Ricardo (Alfredo Castro) is taking his daughters Tere (Consuelo Carreño) and Claudia (Mariela Mignot) to the old family home by sailboat. This is where Ricardo grew up, a remote area with only a few houses dotting the shoreline, a place he happily left decades before. His relationship with his adults children is strained to say the least - Tere especially has little but disdain for him. But as he hopes for some kind of reconciliation, he sees men in a sinking rowboat in the distance. But rather than help, he quickly motors his sailboat away.
Claudia is perhaps a little indifferent, but Tere is livid and calls her father a coward for not helping. Her father claims he didn't trust the men, a view reinforced by his casually-dropped racism towards the Mapuche, the indigenous people of the area whom he accuses of ruining it; and the terrible state of his childhood home, in which there have obviously been squatters. So off they go to help the men - one of whom is now missing, presumed drowned.
Thus begins an hour of increasing tension. The men are 'acting suspicious', somewhat evasive of Ricardo's questions, insisting that he take them to remote corners of the lake to look for the third man - but then again, with such open suspision from Ricardo, why should they trust him, or should he be entitled to know their business? Meanwhile, Tere defies her father's every instruction simply to do so, oblivious to the possible danger, and Claudia is increasingly scared, as night is falling and they're getting low on petrol.
Postiglione balances drone shots of the lake - reminding us how large and imposing it is - with the confinement of the boat. If there were any people on shore, they might see the need for help - but the few houses seem empty. You can see both sides of the lake, but one could easily drown trying to swim across it. Walter (Michael Silva) and Conrado (Alex Quevedo) see right though Ricardo, but it doesn't take long for Ricardo to figure out that they're the squatters. It's a cat-and-mouse game where the dominant role is constantly shifting as knowledge is gained, with one man who can't understand why his power is not ultimate and inviolable and one who seems willing to risk a lot for what little he has to lose.

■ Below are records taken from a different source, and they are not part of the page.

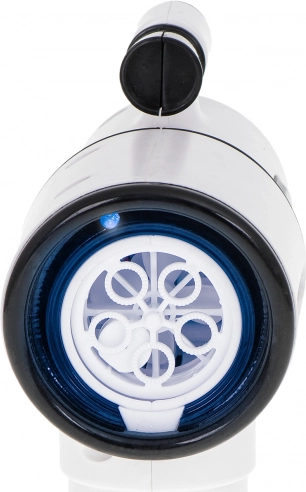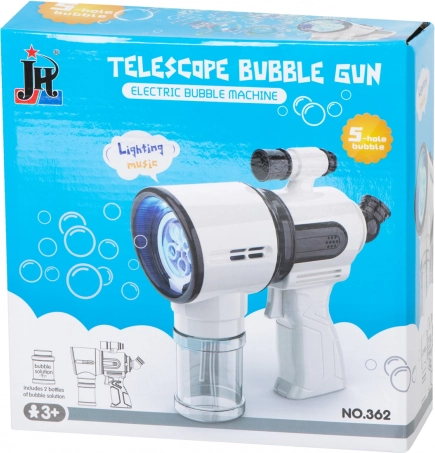 Ta bela pištola za mehurčke je idealna za otroke od 3 let naprej in za družinske aktivnosti na prostem. Vgrajen ventilator in sistem s 5 obročki zagotavljata gladko pihanje in tok desetin do stotin mehurčkov z enim pritiskom na sprožilec. Za še več zabave poskrbijo LED osvetlitev in zvoki, ki ju lahko z enim gumbom vklopite ali izklopite.
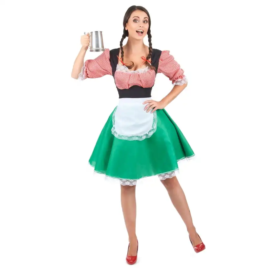Ce déguisement robe verte bavaroise pour adulte comprend une robe et un tablier.
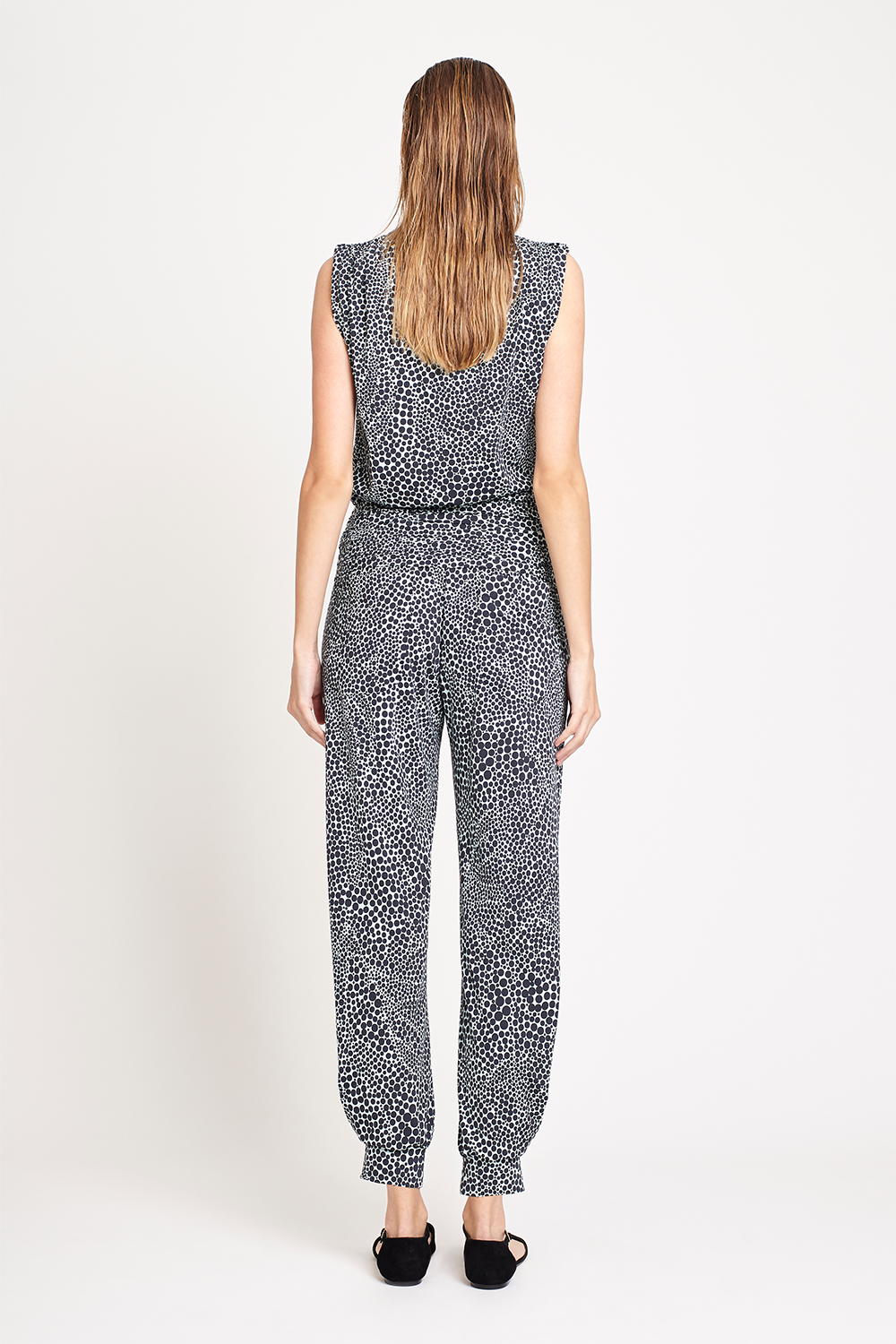 Calça Jersey Estampa Pontos, FIT. Confeccionada em jersey estampado. Possui modelagem reta estilo jogger, cintura alta, cós reto com sutil elasticidade para melhor ajuste ao corpo, pala alongada drapeada, dois bolsos laterais funcionais, pregueado lateral alongado, barras ligeiramente bufantes, punhos inferiores ajustados às pernas, estampa decorativa total de tonalidade contrastante, acabamento pespontado clássico e comprimento reduzido.
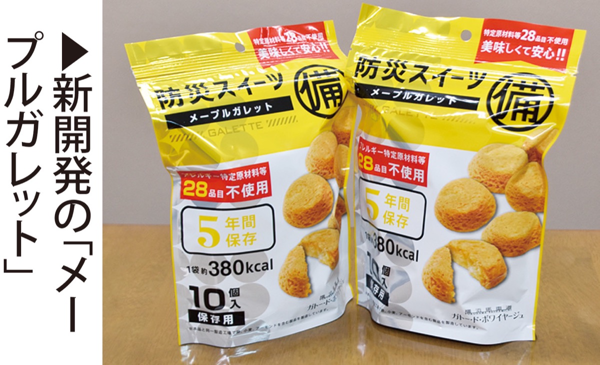 新たに開発されたのは「防災スイーツ メープルガレット」(一袋648円税込)。5年間保存可能な非常食で、アレルゲンに対応した数少ない防災食品だ。
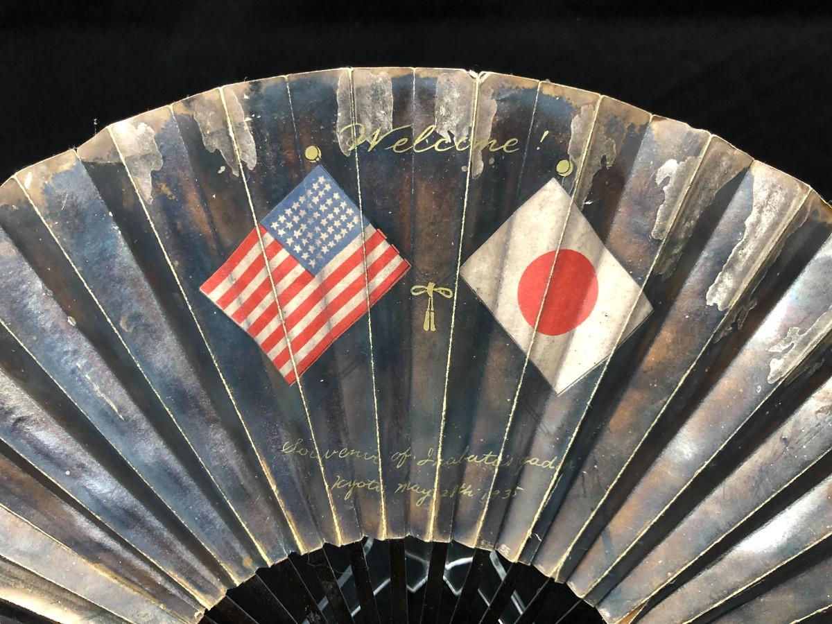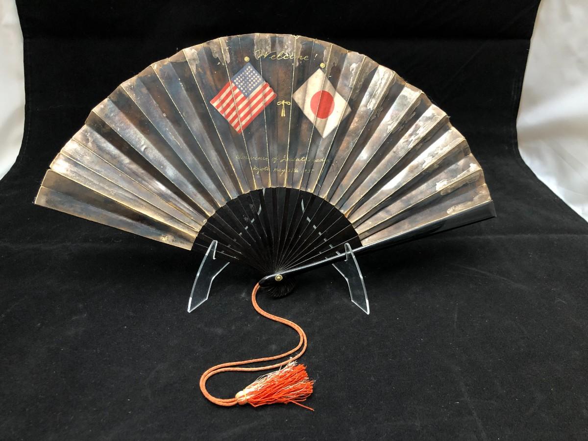 Antique 1935 Kyoto Japan Souvenir USA Flags Decorative Fan
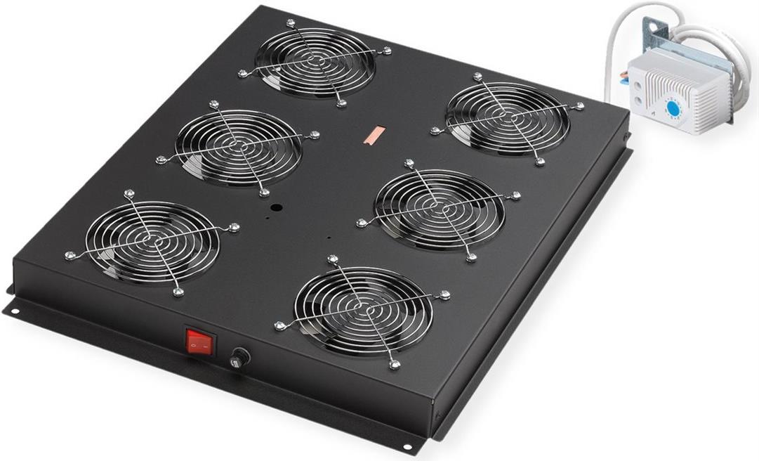 ROLINE 19 Zoll Dachlüftereinheit 6 Lüfter Thermostat schwarz Die Dachlüftereinheiten können flexibel in jedem ROLINE 19"-Serverschrank eingesetzt werden. Jede Lüftereinheit wird mit einem Befestigungssatz geliefert. Ein Schalter sowie ein regelbares Thermostat bieten optimale Anpassungsmöglichkeiten. Das Modell ist in den Standardfarben Grau (RAL 7035) und Schwarz (RAL 9005) erhältlich.

One of the strengths of the film - besides excellent cinematography and discordant score - is that none of the characters are particularly likeable. Really you feel like yelling at all of them about how stupid they're being in between moments of biting your nails with the tension. But it works so well in a thriller like this - you know that something terrible is going to happen, and it was unavoidable, and that is just so accurate to life (even if this story is a fictional narrative) that you feel it in the pit of your stomach.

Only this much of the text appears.